Welcome to the China in the World podcast, a series of discussions examining China's foreign policy and shifting engagement with the world. The China in the World podcast is brought to you by Carnegie China and hosted by me, Paul Hanley. Welcome back to Carnegie China's China in the World podcast.
For this episode, I'm delighted to welcome Dr. Ian Chong, non-resident scholar at Carnegie China and associate professor of political science at the National University of Singapore, to discuss the upcoming meeting between U.S. President
Biden and Chinese President Xi Jinping on the sidelines of APEC in San Francisco. Before I dive into the interview, let me first introduce Ian.
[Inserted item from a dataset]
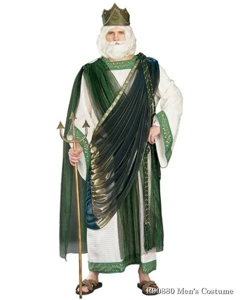 Control the raging sea in the Regency Collection Neptune Men’s Costume. In Roman mythology, Neptune was the god of water. The Roman people worshiped Neptune offering sacrifices and building temples hoping that he would provide them good fortune while out on the water. Romans will kneel at the site of you in the Neptune ensemble which features a white floor length tunic trimmed in green and gold pattern material at the neckline, sleeves and hemline. The tunic is adorned with multi-colored iridescent purple, blue, gold and green fabric drapes, giving you that regal look. As a final touch, we provide a dark gold colored crown headpiece. To make your Neptune Halloween costume sea god worthy, look through our accessories section. Consider purchasing a white beard, white wig, trident or Roman inspired sandals. We also offer many other Roman inspired gods for those attending costume parties together.

As I mentioned, Ian is a non-resident scholar at Carnegie China, where he looks at U.S.-China dynamics in Southeast Asia and the broader Asia Pacific.
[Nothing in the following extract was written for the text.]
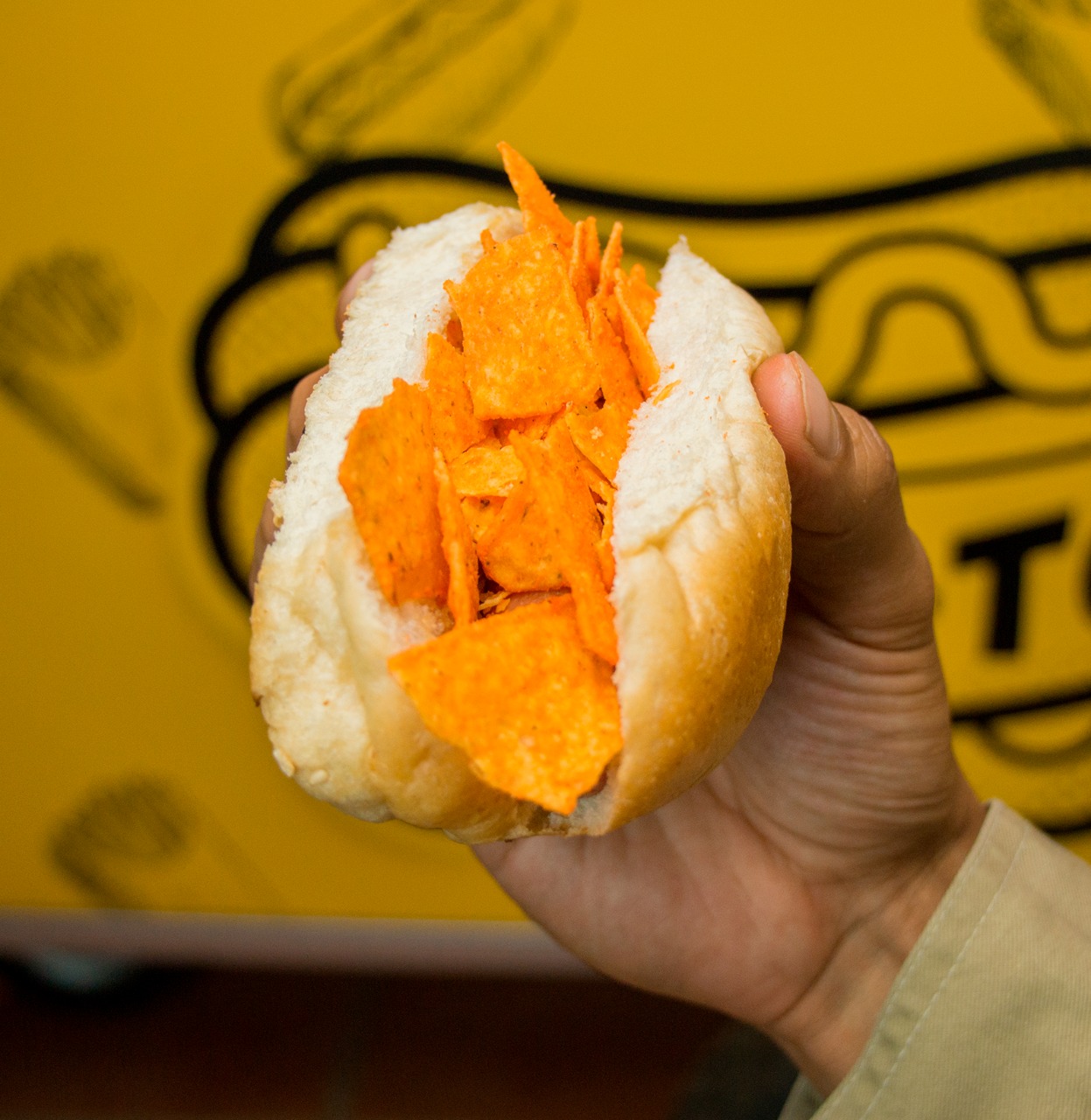 Pan suave, salchicha de pavo y doritos, incluye vegetales y aderezos aparte.

at the National University of Singapore, where he works as an associate professor of political science. His research covers the intersection of international and domestic politics with a focus on the externalities of major power competition, nationalism, regional order, security, contentious politics, and state formation. He writes often and publishes comments widely on U.S.-China relations,
Security and Order in Northeast Asia and Southeast Asia, Cross-Strait Relations and Taiwan Politics. Ian, thanks for joining the podcast. Really appreciate it. I know I'm talking to you while you're in Taiwan, and you've got a busy schedule there, so I appreciate you joining. Absolutely. My pleasure.
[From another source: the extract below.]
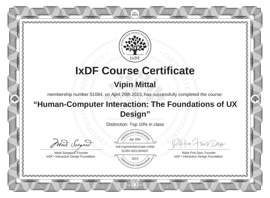 The IxDF Course Certificate above is awarded to Vipin Mittal with a Top 10% Distinction in formal recognition of their coursework surpassing the rigorous benchmarks of exceptional performance established by the IxDF Educational Codex.

Well, let's jump right in. And let me start by mentioning the terrific piece that you put out this week, in fact, for Carnegie China, entitled Amid Contending Narratives,
a read on US and PRC messaging in Singapore. And in the article, you discuss how China and the US are trying to gain soft power in Singapore and how Singapore's population is responding to these narratives. This is something you and I have talked about several times over the last few years.
And I know you look at very, very closely. In a nutshell, how would you describe the dynamics playing out in domestic narratives in Singapore?
So, basically, Washington and Beijing are trying to persuade policymakers as well as the public that they have a better case than their rival. I mean, it doesn't have to be mutually exclusive, but certainly I think there's a preference if there's at least some sympathy for the positions that these two major powers are putting across.
In a nutshell, the Beijing position emphasizes quite a bit on what they see as the illegitimacy of U.S. action, the provocations that accompanies those sorts of behaviors and statements, and they also make an appeal
to the sense of, for lack of a better term, ethno-nationalism, because about 70% of Singapore's population is ethnic Chinese. Of course, there's no need for ethnicity to mean anything for political loyalties, but that's what the CCP, this Chinese Communist Party, tends to emphasize.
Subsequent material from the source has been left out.